TRY IT:
Without reproducing any image, print the listing below exactly.

INFORMATION SUPPLIED:
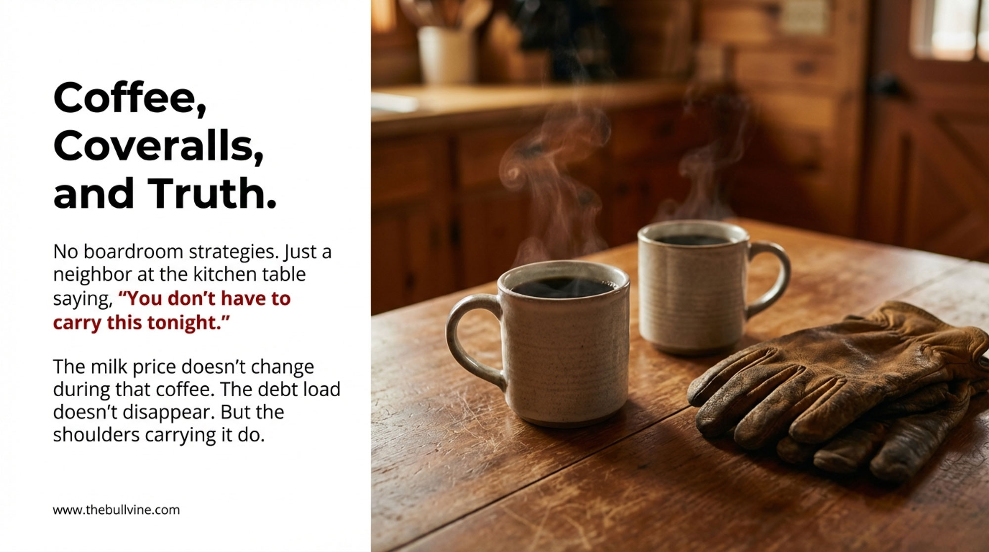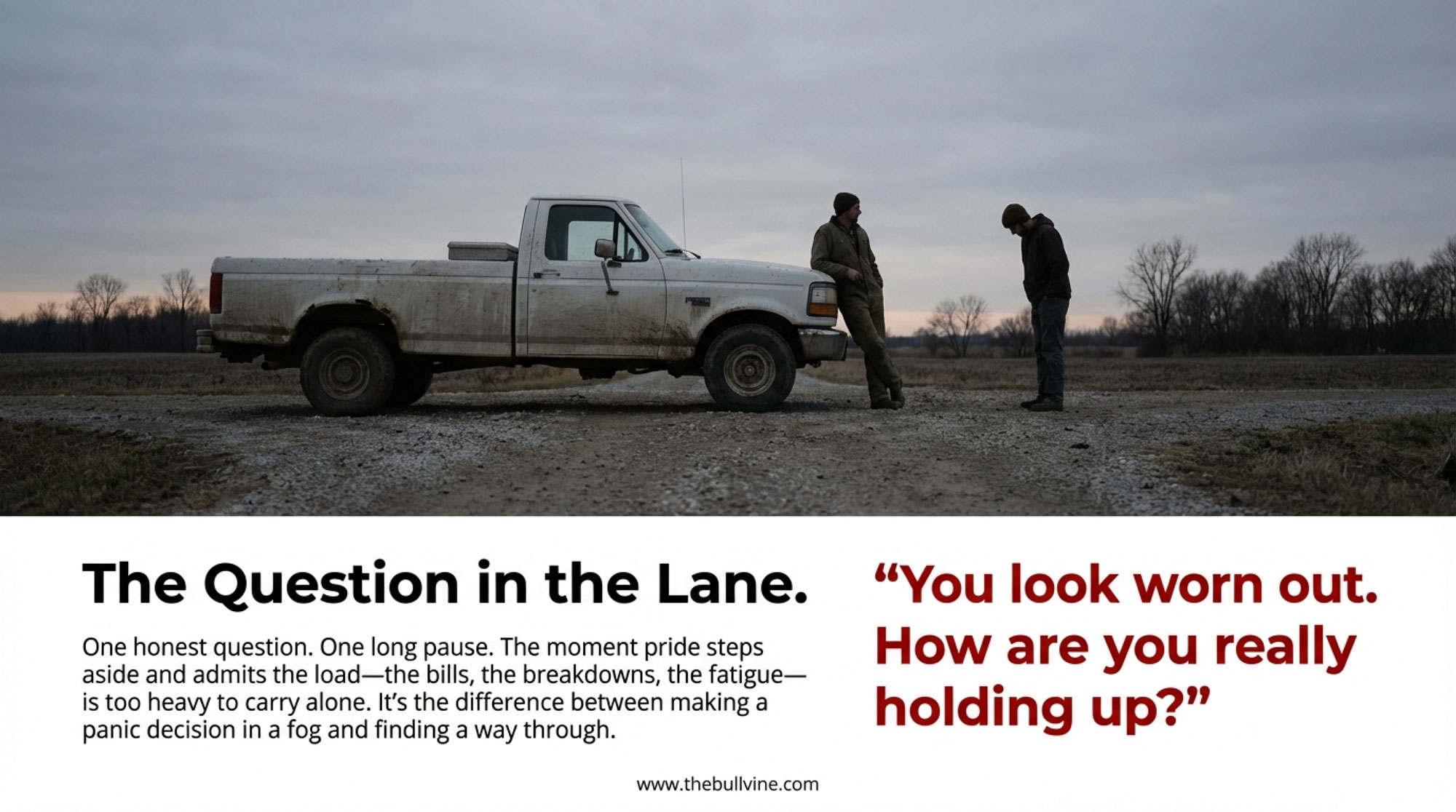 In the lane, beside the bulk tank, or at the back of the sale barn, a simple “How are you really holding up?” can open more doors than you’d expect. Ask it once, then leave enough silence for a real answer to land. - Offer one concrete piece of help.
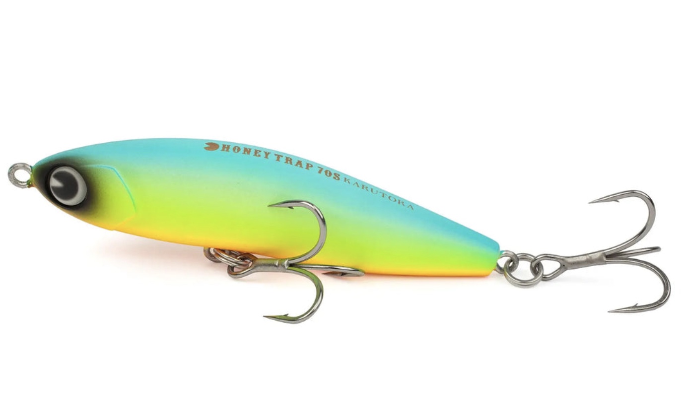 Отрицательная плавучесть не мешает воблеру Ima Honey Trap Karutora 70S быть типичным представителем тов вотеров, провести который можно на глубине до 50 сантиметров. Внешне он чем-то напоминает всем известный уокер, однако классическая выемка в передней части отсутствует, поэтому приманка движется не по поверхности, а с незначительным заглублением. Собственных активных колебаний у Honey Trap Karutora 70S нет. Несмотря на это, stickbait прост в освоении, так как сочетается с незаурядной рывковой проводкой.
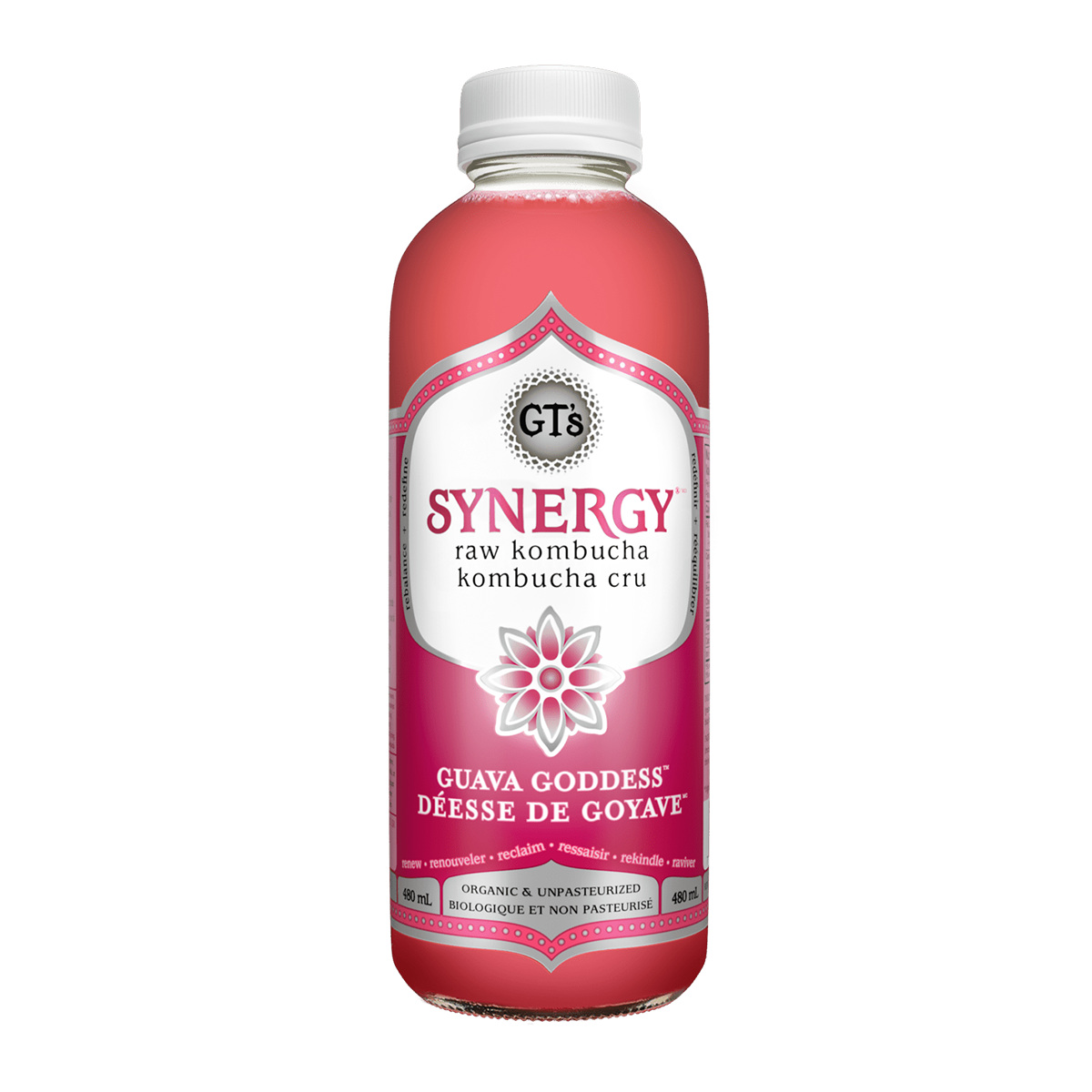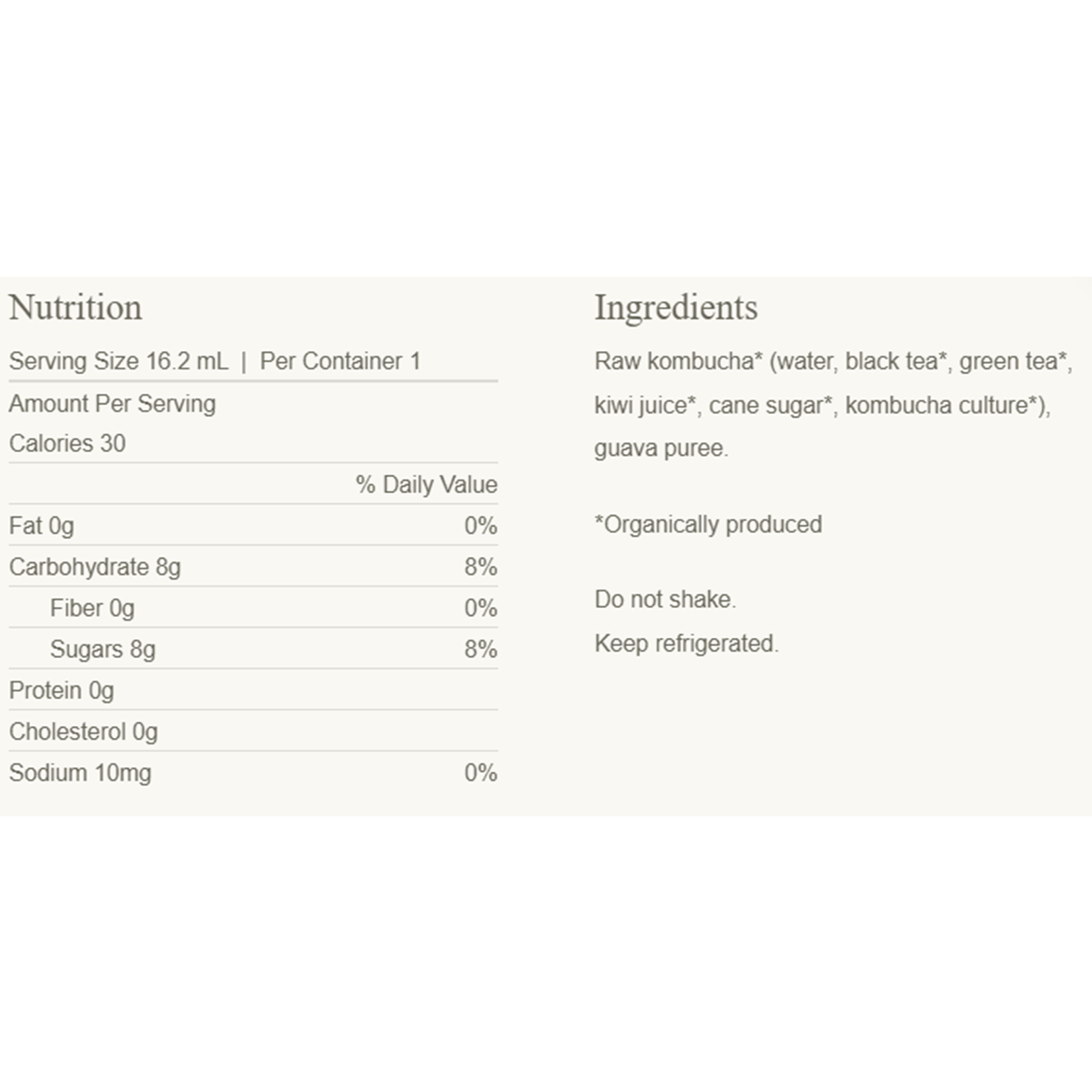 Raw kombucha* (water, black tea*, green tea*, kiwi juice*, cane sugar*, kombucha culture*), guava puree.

TASK ANSWER:
 In the lane, beside the bulk tank, or at the back of the sale barn, a simple “How are you really holding up?” can open more doors than you’d expect. Ask it once, then leave enough silence for a real answer to land. - Offer one concrete piece of help.
 Отрицательная плавучесть не мешает воблеру Ima Honey Trap Karutora 70S быть типичным представителем тов вотеров, провести который можно на глубине до 50 сантиметров. Внешне он чем-то напоминает всем известный уокер, однако классическая выемка в передней части отсутствует, поэтому приманка движется не по поверхности, а с незначительным заглублением. Собственных активных колебаний у Honey Trap Karutora 70S нет. Несмотря на это, stickbait прост в освоении, так как сочетается с незаурядной рывковой проводкой.
 Raw kombucha* (water, black tea*, green tea*, kiwi juice*, cane sugar*, kombucha culture*), guava puree.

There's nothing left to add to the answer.